Modern memory systems transfer data at bus granularity — a 32-bit bus transfers 4 bytes per cycle. If you request a word load from address 0x1001 (unaligned), the word spans two bus transfers: bytes 1-3 from the first transfer and byte 0 (of the next word) from the second. The hardware must issue two bus transactions, merge the result, and return it. For cache-line based systems (e.g., ARM Cortex-A series with 64-byte cache lines), an unaligned access that crosses a cache line boundary requires two cache-line fills — a 2x bandwidth penalty.

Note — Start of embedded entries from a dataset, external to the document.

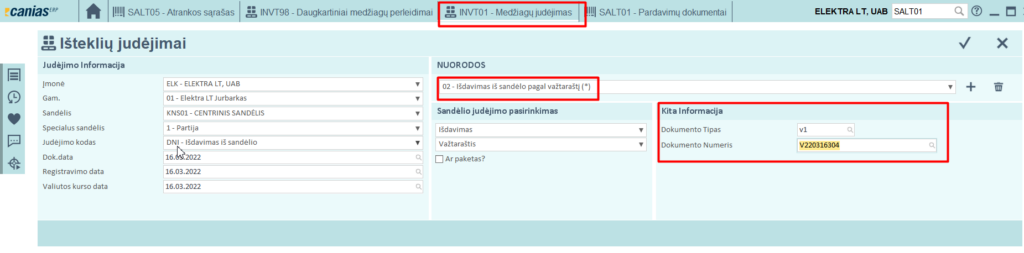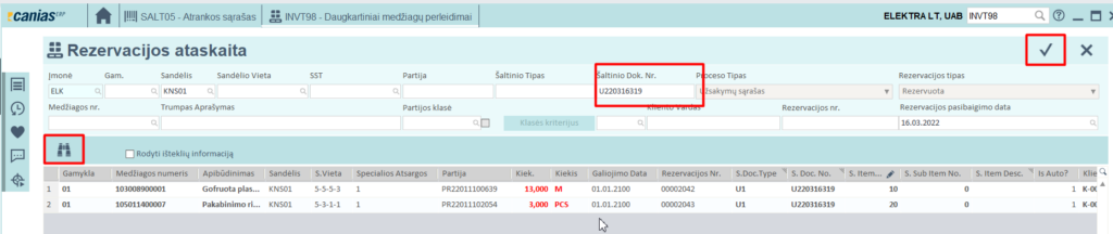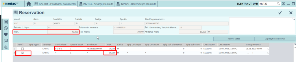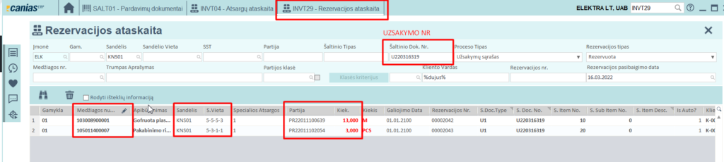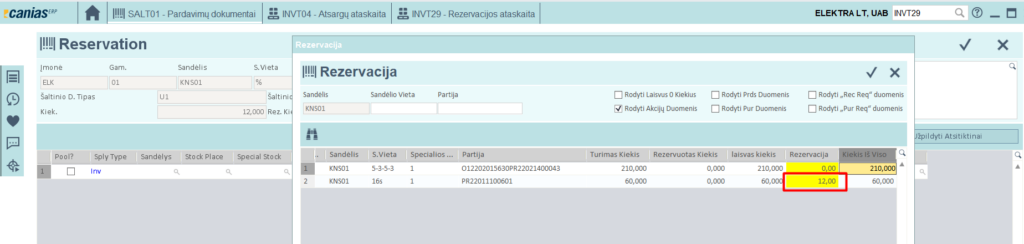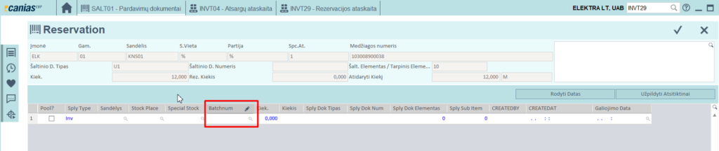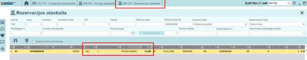 Atėjus į INVT29 ataskaitą matysime mūsų rezervaciją su mūsų pasirinktu partijos numeriu, o ne sistemos parinktą partijos numerį.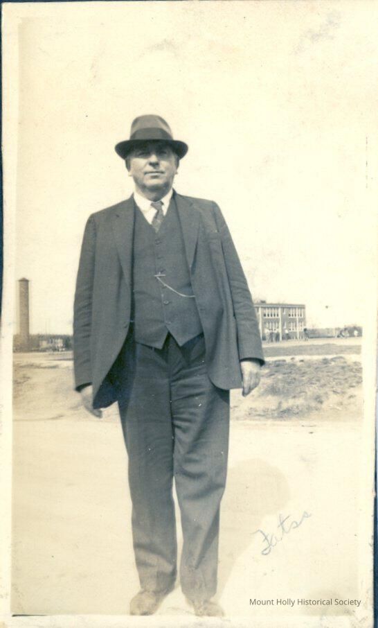 Man in three-piece suit with hat and keychain, standing in an open area, with "Fatso" inscribed on the picture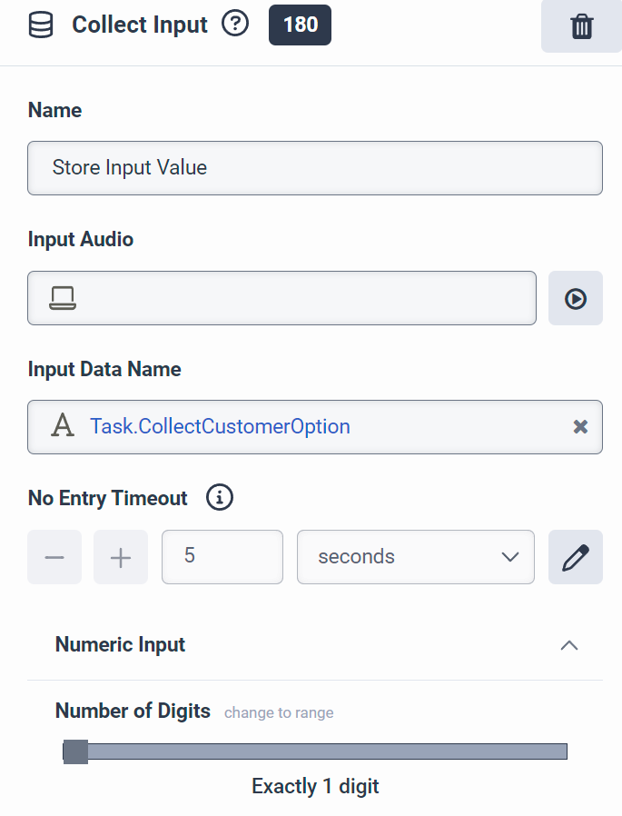 Then the Collect Input is outside the loop (input barge allows it to skip out of the loop to the input block. But you could put the collect input in the loop and add an exit loop action if there is an input). Because we put it outside, we just make the input audio blank. But assign the Input to a variable eg Task.CollectCustomerOption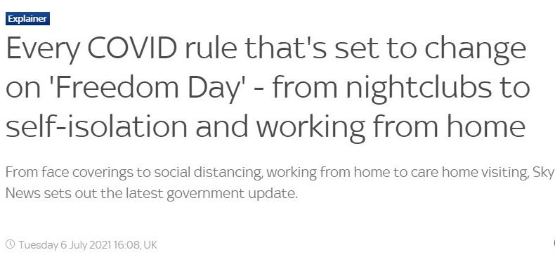 这将意味着,两周之后,英国将不再强制民众在公共场所佩戴口罩,不再要求保持社交距离,餐馆就餐、举行和参加大型活动将不再受到限制。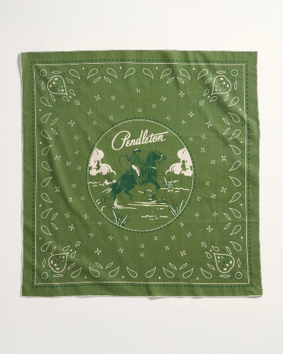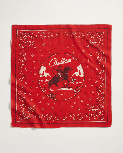 Made from 100% recycled cotton, these three bandanas feature a vintage-inspired rodeo scene and a classic Pendleton logo.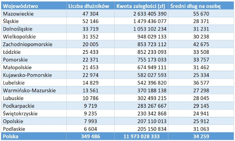 • Najwięcej zadłużonych seniorów mieszka na Śląsku (51 077), natomiast najwyższe średnie kwoty zaległości (kredytowych i pozakredytowych) notuje Mazowsze;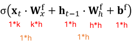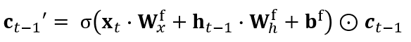 1xh 벡터에 시그모이드 함수를 적용하면 각 원소에 대해서 시그모이드 함수가 적용된다. 여기에 ct-1을 아마다르 곱하기하면 위에서 본 식으로 표현할 수 있다. (아마다르 곱셉은 같은 위치의 원소끼리의 곱셈을 의미한다)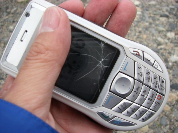 足下を見るとなんと落っこちたのは大事にしてる我が携帯702nk。そして落ちた携帯を拾い上げて見ると...ガ~ン!液晶が割れてる~!? (T-T) はじめっからこんな不幸なことが起きるなんて、今日はなんか嫌な予感。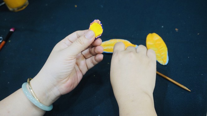 Tiếp đó, các nghệ nhân sẽ dùng keo sữa bôi bên ngoài để mướt lại phần thân, bước cuối cùng dùng thêm đất sét để tạo hiệu ứng màu.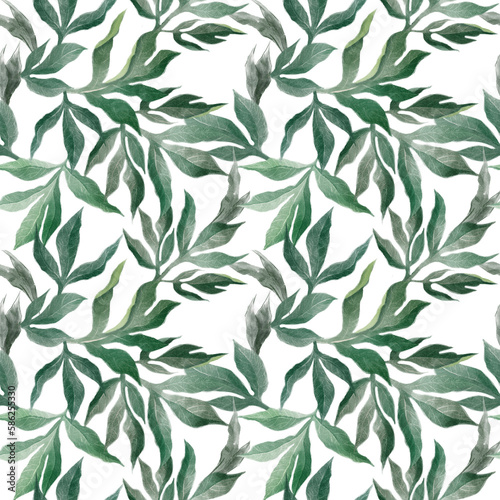 A watercolor seamless pattern of red peonies with leaves and flowers.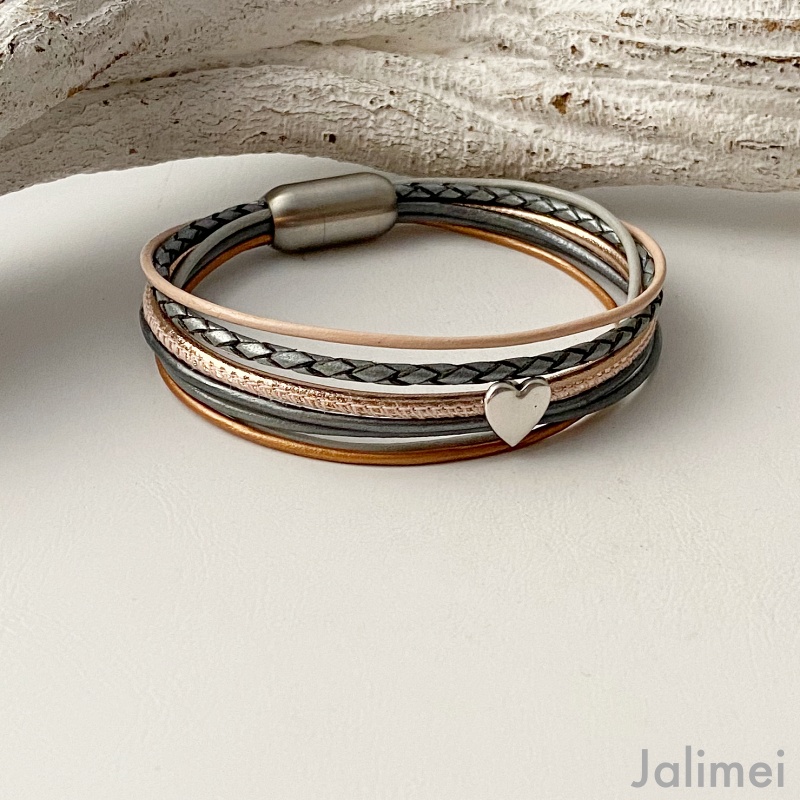 Verarbeitet ist ein geflochtenes Lederband (ca. 2,5 mm) in stahlgrau, ein gesäumtes Nappalederband (ca. 2,5 mm) in rosegold sowie 5 farblich dazu abgestimmte Lederbänder mit einer Stärke von ca. 1,5 mm. Aufgepeppt ist das Armband mit einem kleinen Metallschieber Herz (ca. 8 mm), das einige Bänder zusammenfasst.
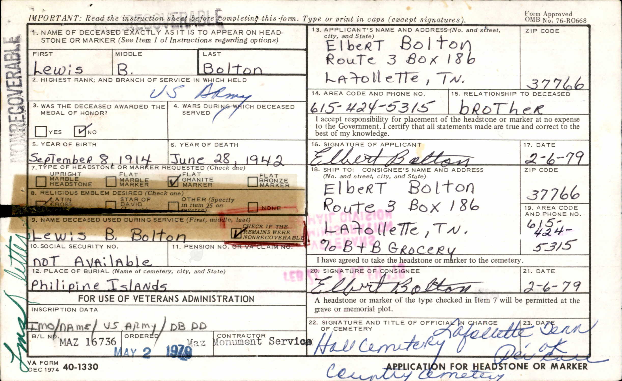 Private Lewis B. Bolton was assigned to the 21st Pursuit Squadron, 24th Pursuit Group. At the start of the war the unit was based in the Philippines and with the loss of its aircraft, was eventually part of the defense of Bataan and Corregidor as infantry. He was listed as Died Non Battle on 28 June 1942. He died as a POW of the Japanese Army at POW Camp 1, Cabanatuan 1-2-3, Nueva Province, Luzon, Philippines 15-121 and is listed on the Tablets of the Missing, Manila American Cemetery, Philippines.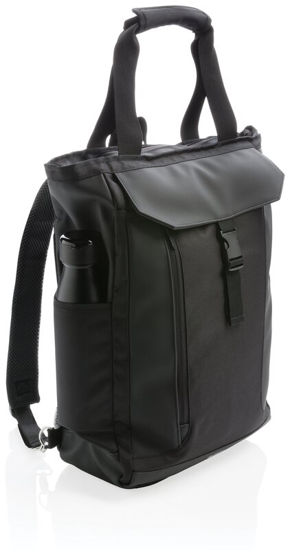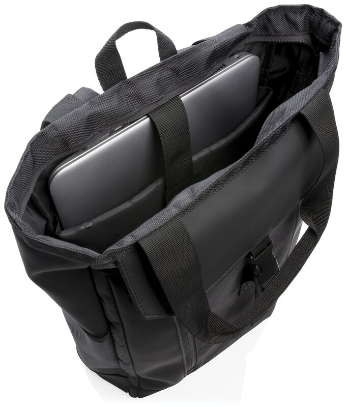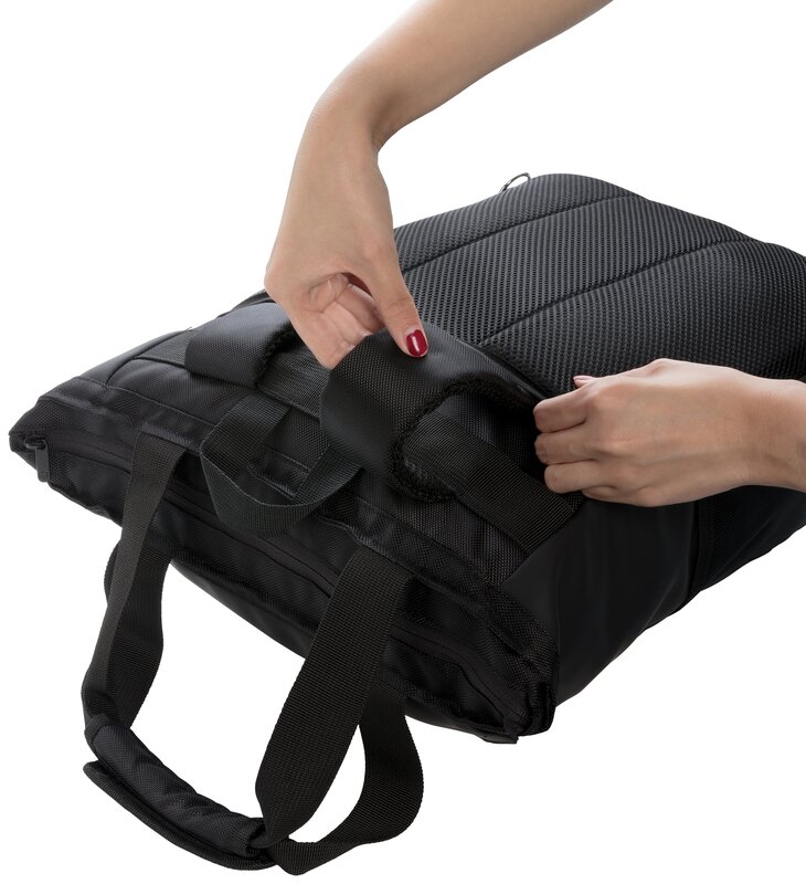 Všestranný batoh, který můžete nosit na zádech, na ramenu či obyčejně v ruce. Polstrovaný oddíl na 15" notebook, kapsy s RFID ochranou. PVC free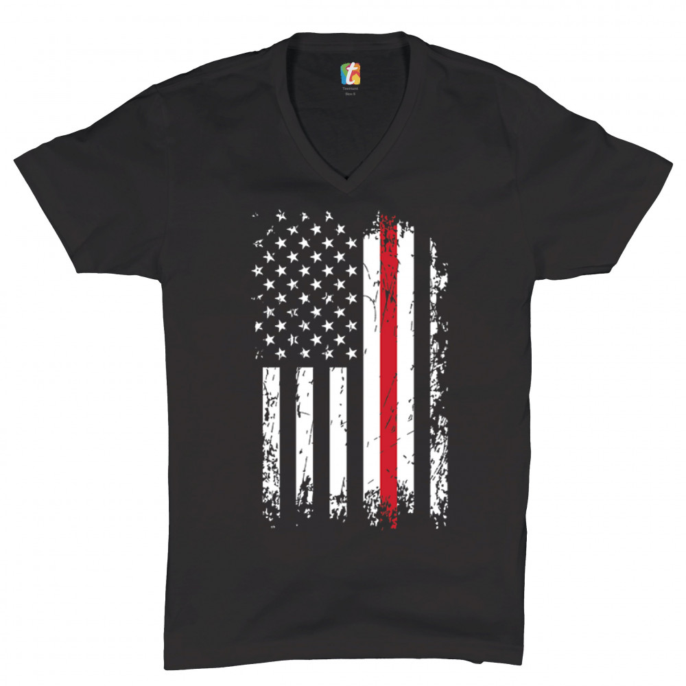 THIN RED LINE v-neck t-shirt american flag firefighter fire department tee black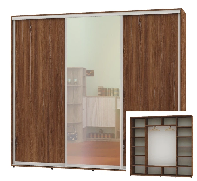 Шафа-купе тридверна Комфорт Меблі 250*60*240 см Натуральний 3 двері ДСП Стандарт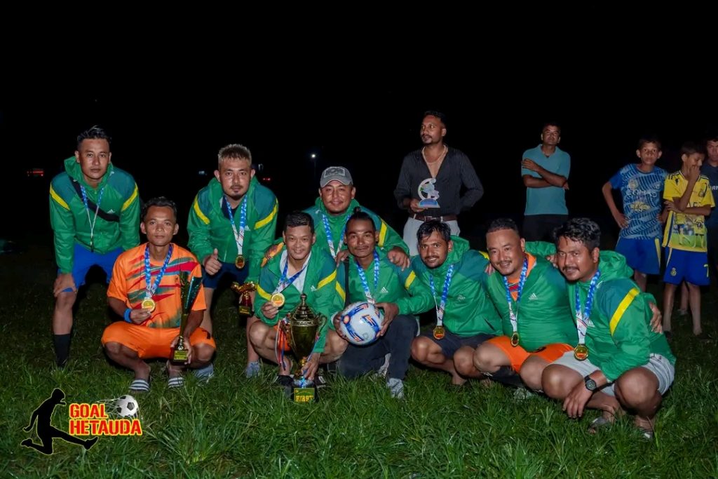 हेटौंडा । हेटौंडा–७,नागस्वतीस्थित नवज्योति माध्यमिक विद्यालयको खेलमैदानमा भएको पहिलो अन्तर क्लबस्तरीय फुटबल प्रतियोगिताको उपाधि आयोजक नागस्वती युथ क्लबले जितेको छ । शनिबार भएको फाइनल खेलमा आयोजक नागस्वती युथ क्लबले नागस्वती भेट्रान्स क्लबलाई २–० गोलले हराउँदै उपाधि चुम्न सफल भएको हो । प्रतियोगिताको उपाधि जितेसँगै नागस्वती युथ क्लबको टिमले एकलाख रुपैयाँसहित शिल्ड, मेडल तथा प्रमाणपत्र प्राप्त गरेका छन् भने उपविजेता टिम नागस्वती भेट्रान्सको टिमले ५० हजार रुपैयाँसहित शिल्ड, मेडल तथा प्रमाणपत्र प्राप्त गरेका छन् । नागस्वती युथ क्लबको तर्फबाट पहिलो हाफमा राजेन्द्रै थापाले एक गोल गरेका थिए ।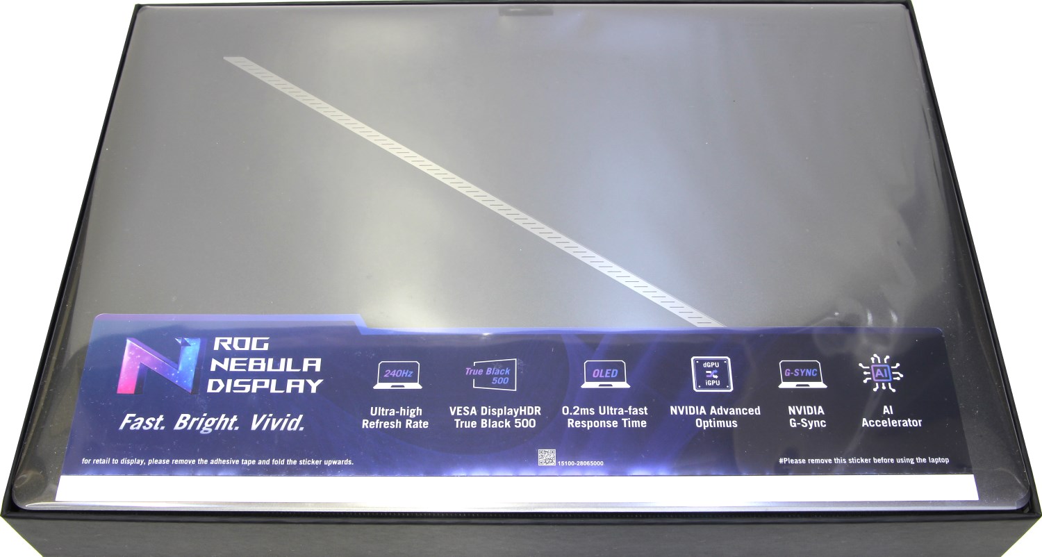 ROG Nebula Display — это стандарт дисплея, разработанный командой ASUS ROG. Цель стандарта — упростить работу как для партнеров, так и для пользователей при навигации по спецификациям панелей. ROG Nebula устанавливает минимальные требования к нескольким важным характеристикам панели, что упрощает выбор продуктов ROG, оснащенных дисплеями, которые предлагают наилучший возможный баланс с точки зрения скорости (частота обновления, время отклика), живости (точность цветопередачи, коэффициент контрастности), яркости, а также поддержку таких ключевых технологий, как G-Sync и Dolby Vision. Экран поддерживает охват цветового пространства DCI-P3 и может похвастать близким к кинематографическому качеством «картинки». Площадь поверхности экрана составляет 88,4%.

The AMBA AHB specification (IHI0033B, section 3.3) handles this with the HSIZE signal: HSIZE[2:0] encodes the transfer size (byte, halfword, word, etc.) and the HADDR must be aligned to that size. An AHB slave is permitted to return an error response for misaligned addresses. Our dmem mirrors this concept: funct3 encodes the width (like HSIZE), and we check alignment.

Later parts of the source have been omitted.